Bitcoin briefly fell below $39,000 on Tuesday, extending its recent decline and falling more than 20% from its high earlier this month. On January 12, the U.S. Securities and Exchange Commission (SEC) approved the first batch of spot Bitcoin ETFs, causing Bitcoin to soar to $49,000 that day, the highest level in three years. However, Bitcoin fell to as low as $38,900 on Tuesday, down 20.6% from its previous three-year high. As of press time, Bitcoin has risen above $39,000 again.


Analysts at cryptocurrency exchange Bitfinex wrote in a report on Tuesday: "With bearish sentiment appearing to be widespread, the next key price level where Bitcoin may provide support is estimated to be between 36,000 and 38,000."

Analysts at Deutsche Bank said nearly $4 billion flowed into new spot Bitcoin ETFs, particularly those run by BlackRock and Fidelity, with $2.8 billion coming from outflows from Grayscale (formerly a fund, now an ETF), which previously dominated the regulated Bitcoin investment market.

As for the reasons for Bitcoin's recent decline, Sean Farrell, head of digital asset strategy at Fundstrat Global Advisors, explained that in the past two weeks, Bitcoin has been challenged by more severe macroeconomics (evidenced by rising interest rates and a stronger U.S. dollar), traders unwinding GBTC arbitrage positions, and selling pressure caused by the sale of assets by the bankrupt cryptocurrency exchange FTX.
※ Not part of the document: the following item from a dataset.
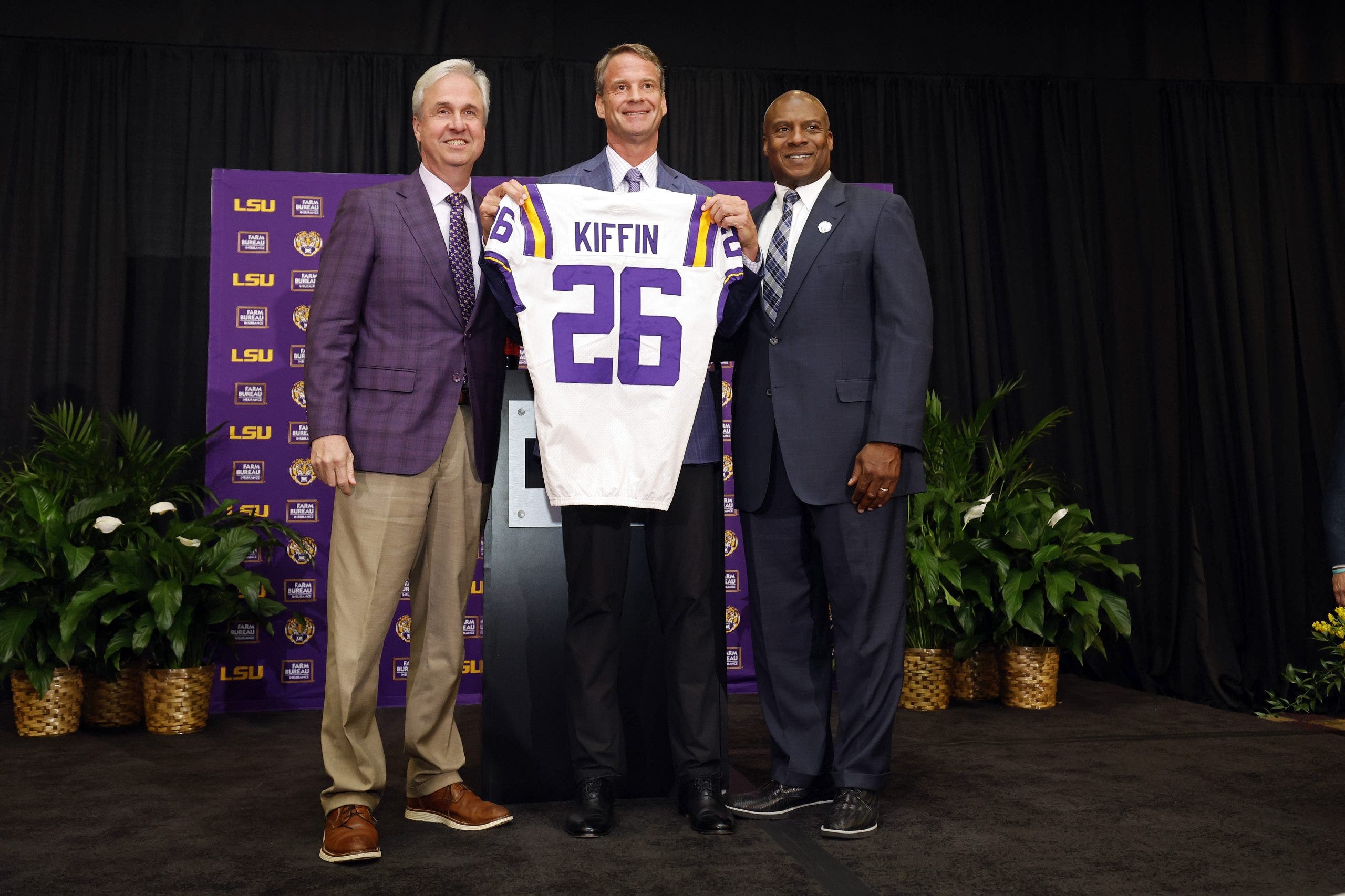 Lane Kiffin poses for a photo as he is introduced as the new head football coach of the LSU Tigers. (Photo by Tyler Kaufman/Getty Images)

Farrell added that the sale of assets by FTX could reverse the oversupply situation, which means that the huge selling pressure from GBTC may soon subside.
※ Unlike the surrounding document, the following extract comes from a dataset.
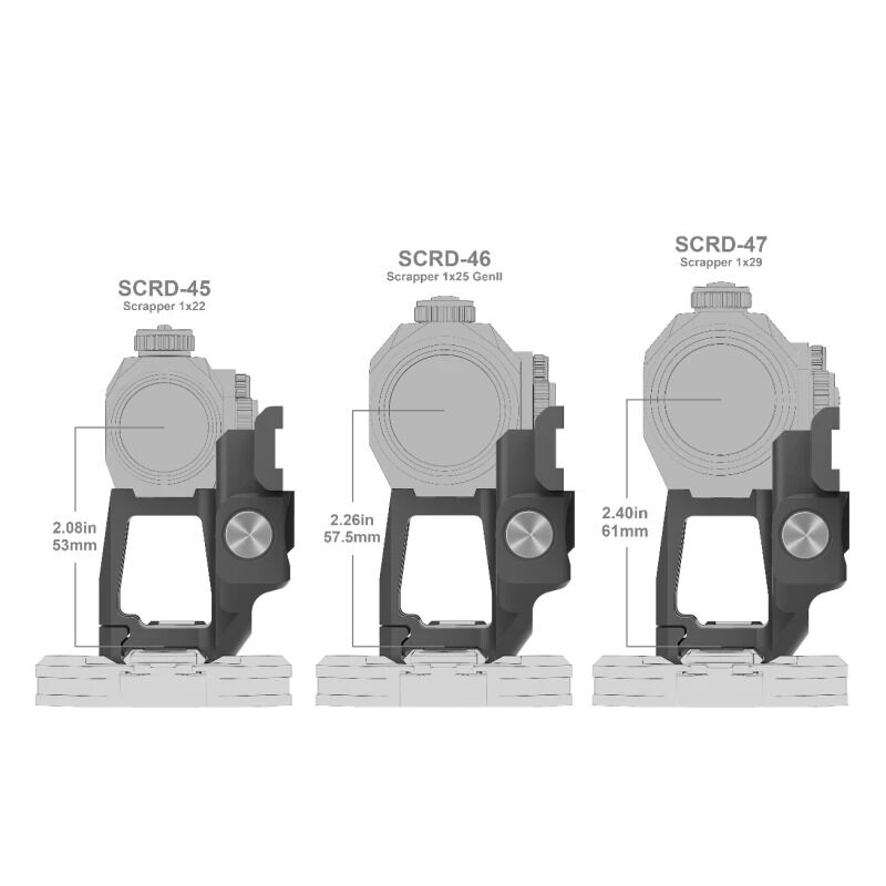 Compatibilidad de ópticas: Diseñada para SCRAPPER red dots (1×25 / 1×22 / 1×29) y PARAGON Magnifier (Mini 1x y 3x prism).

Leah Wald, CEO of digital asset investment firm Valkyrie Investments, said: “The outflow of GBTC has created a dynamic in the market that needs to normalize before we see real price discovery.”

Bitcoin soared nearly 160% last year, outperforming traditional assets such as stocks, but is still about $30,000 below its all-time high of nearly $69,000 set during the 2021 coronavirus pandemic.